▶ **What is being asked**
Once the line containing "Москва. 20 марта." is reached in the listing below, reproduce it and all later lines through the final one exactly, but omit any pictures.

▶ **Exercise materials**
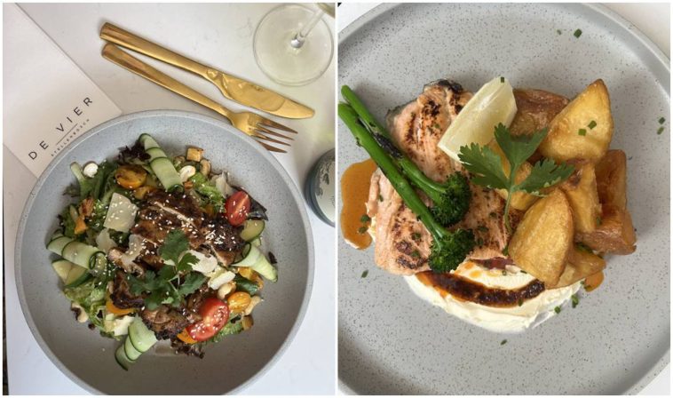 - Opting for a lighter option? The grilled chicken thigh salad offers a refreshing combination of flavors with lettuce, tomato, cucumber, dried pear, toasted cashews, and parmesan shavings, all dressed in De Vier’s vinaigrette, priced at R145.
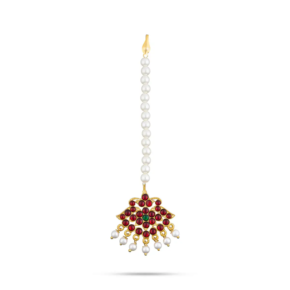 Kemp Nethi Chutti - 5.25 Inches | 1 Line Maangtikka/ Stone Jewellery/ Moti Beads Artificial Jewelry For Dance
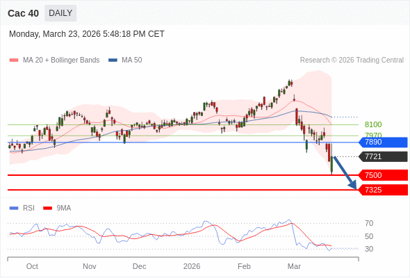 Cac 40 短线: 短期关键阻力位在7890。
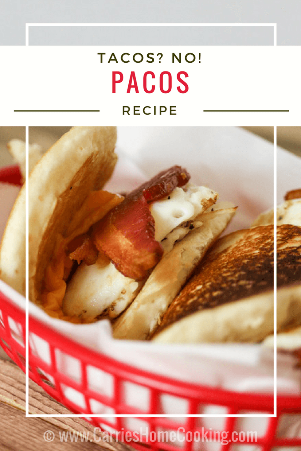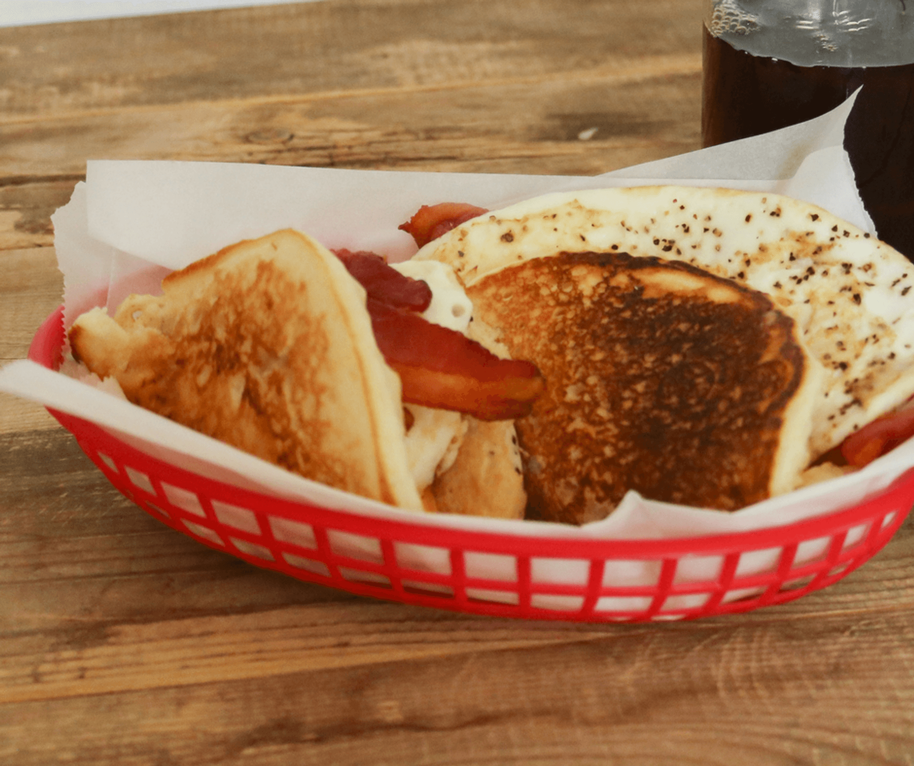 A grab and go food truck style breakfast. A pancake for a taco shell filled with thick cut crisp bacon, fried eggs and cheese!
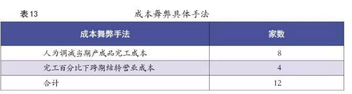 如表13所示,成本舞弊手法较为单一,但具有一定的行业依赖性。例如农业类上市公司,其存货投入产出率较难验证,人为调减当期产成品成本的概率较高。又如设备制造业、信息技术服务业等采用完工百分比法的上市公司,由于高度依赖于对完工进度的估计,发生成本舞弊的概率亦较高。
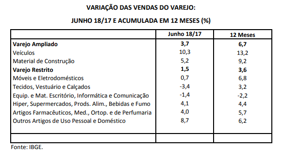 junho, as vendas do varejo restrito (que não considera veículos e material de construção)
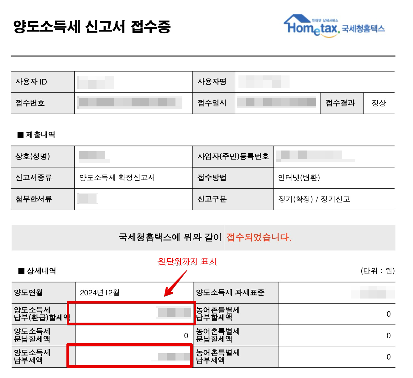 이렇게 이메일로 양도소득세 신고서 접수증을 준다. 여기에 양도소득세 납부할 세액을 보게되면 금액이 표시돼 있는데 원단위까지 표시되어 있다. 하지만 실제 납부는 원단위는 절사하고 납부하게 되니 이 부분만 기억하고 있으면 된다.
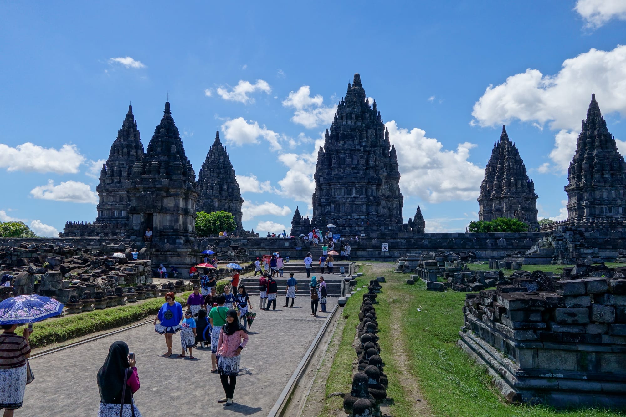 Prambanan was also built in the 9th century and is a Hindu temple after the Buddhists were kicked out. The Hindus were kicked out by the Muslims, which makes the country the second or third largest Muslim country in the world. Today, there is a mix of all three as the country has become more tolerant. The temple is divided into six buildings, each honouring a major god in the Hindu religion. The buildings appear sharper than Borobudur. They were very different from the ones I had seen in India, Sri Lanka, and Singapore, as the buildings were made from lava stone. Two earthquakes in 1906 and 2006 destroyed the temple. I’m not coming back in 2106. The guides told us about the carvings on the outside of the buildings and the stories they told. They also asked others not to take pictures of us, which made the tour more comfortable. Our guides asked us for feedback.
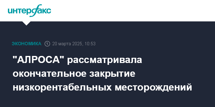 Москва. 20 марта. INTERFAX.RU - "АЛРОСА", прорабатывая варианты сокращения издержек на фоне затянувшегося кризиса на алмазном рынке, рассматривала окончательное закрытие низкорентабельных месторождений, говорится в обращении руководства компании к трудовому коллективу, копия которого есть в распоряжении "Интерфакса".
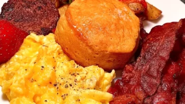 Hearty steak and eggs breakfast plate
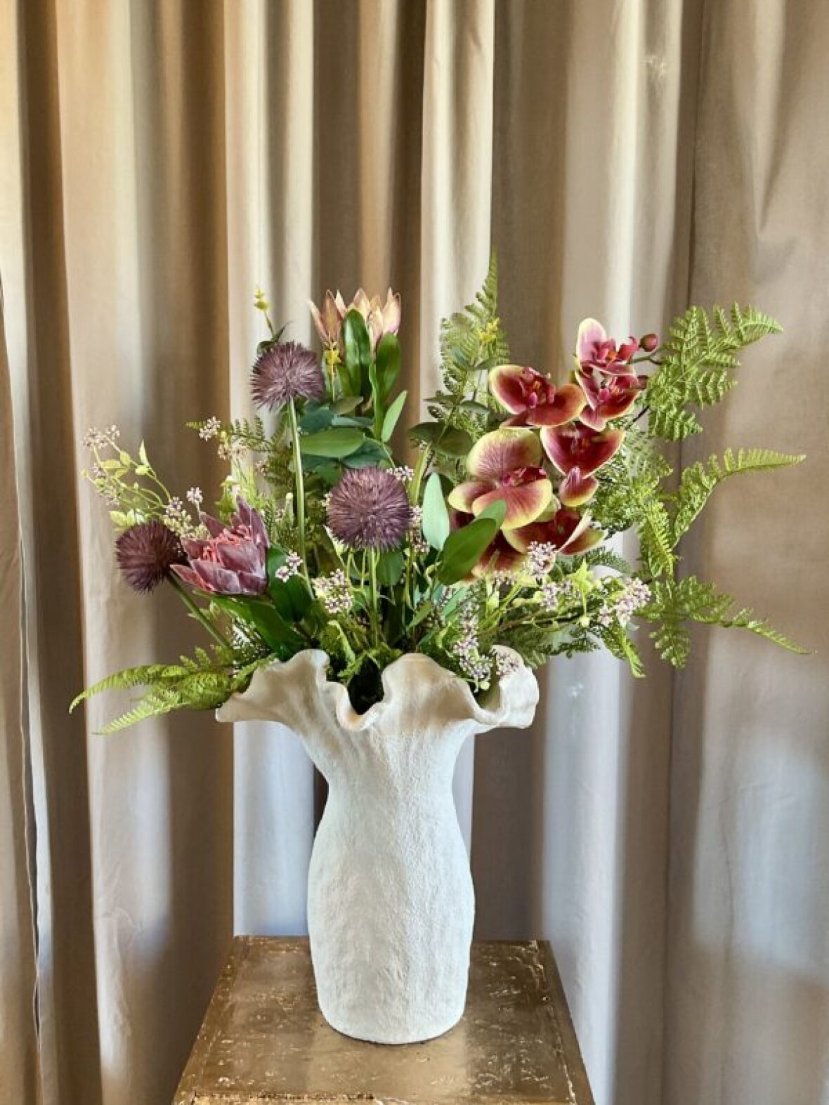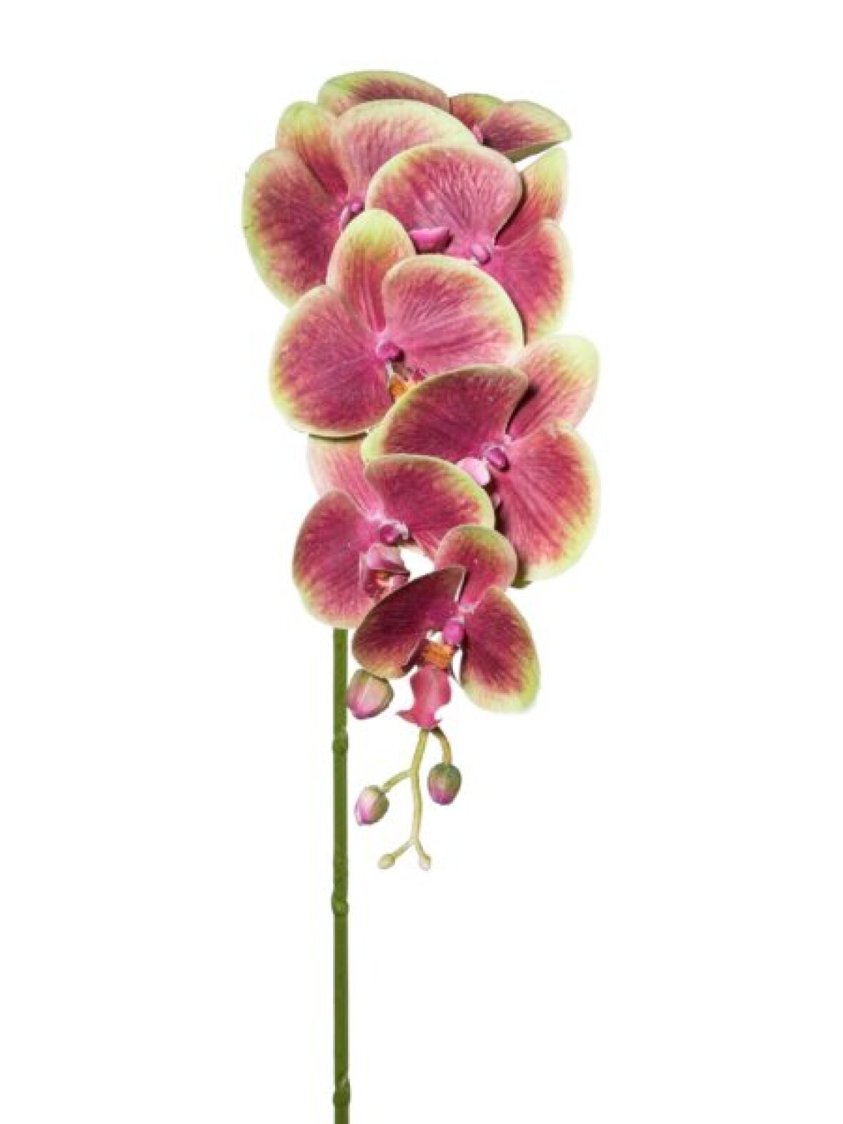 Tilføj et elegant og farverigt touch til din indretning med denne smukke orkidé på 87 cm. De store blomster i pink-lilla nuancer med grønne toner giver et eksklusivt og naturtro udtryk – perfekt i en vase eller som del af en dekorativ opstilling.
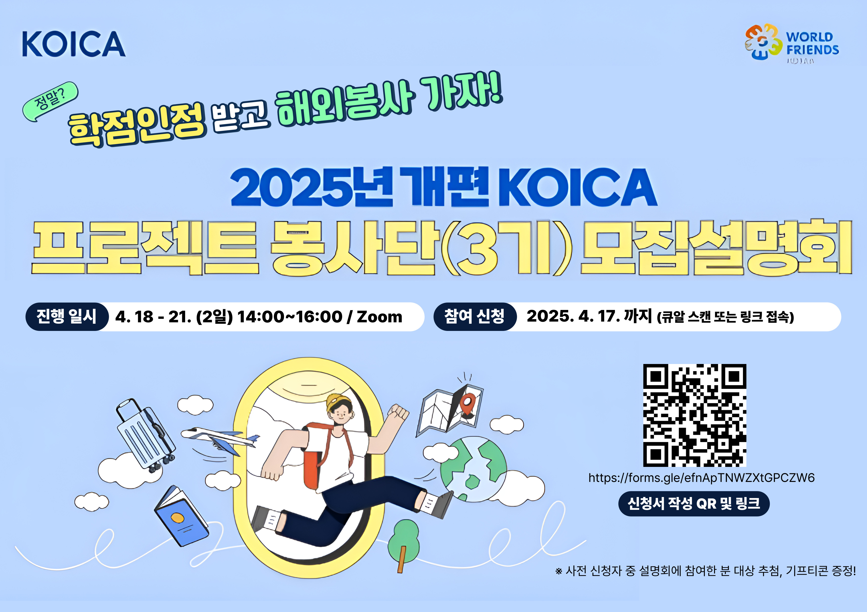 - (14:00~15:00) KOICA 해외봉사단 소개 | 사업 및 모집정보 안내, 학점인정 제도 소개

▶ **Task response**
 Москва. 20 марта. INTERFAX.RU - "АЛРОСА", прорабатывая варианты сокращения издержек на фоне затянувшегося кризиса на алмазном рынке, рассматривала окончательное закрытие низкорентабельных месторождений, говорится в обращении руководства компании к трудовому коллективу, копия которого есть в распоряжении "Интерфакса".
 Hearty steak and eggs breakfast plate
 Tilføj et elegant og farverigt touch til din indretning med denne smukke orkidé på 87 cm. De store blomster i pink-lilla nuancer med grønne toner giver et eksklusivt og naturtro udtryk – perfekt i en vase eller som del af en dekorativ opstilling.
 - (14:00~15:00) KOICA 해외봉사단 소개 | 사업 및 모집정보 안내, 학점인정 제도 소개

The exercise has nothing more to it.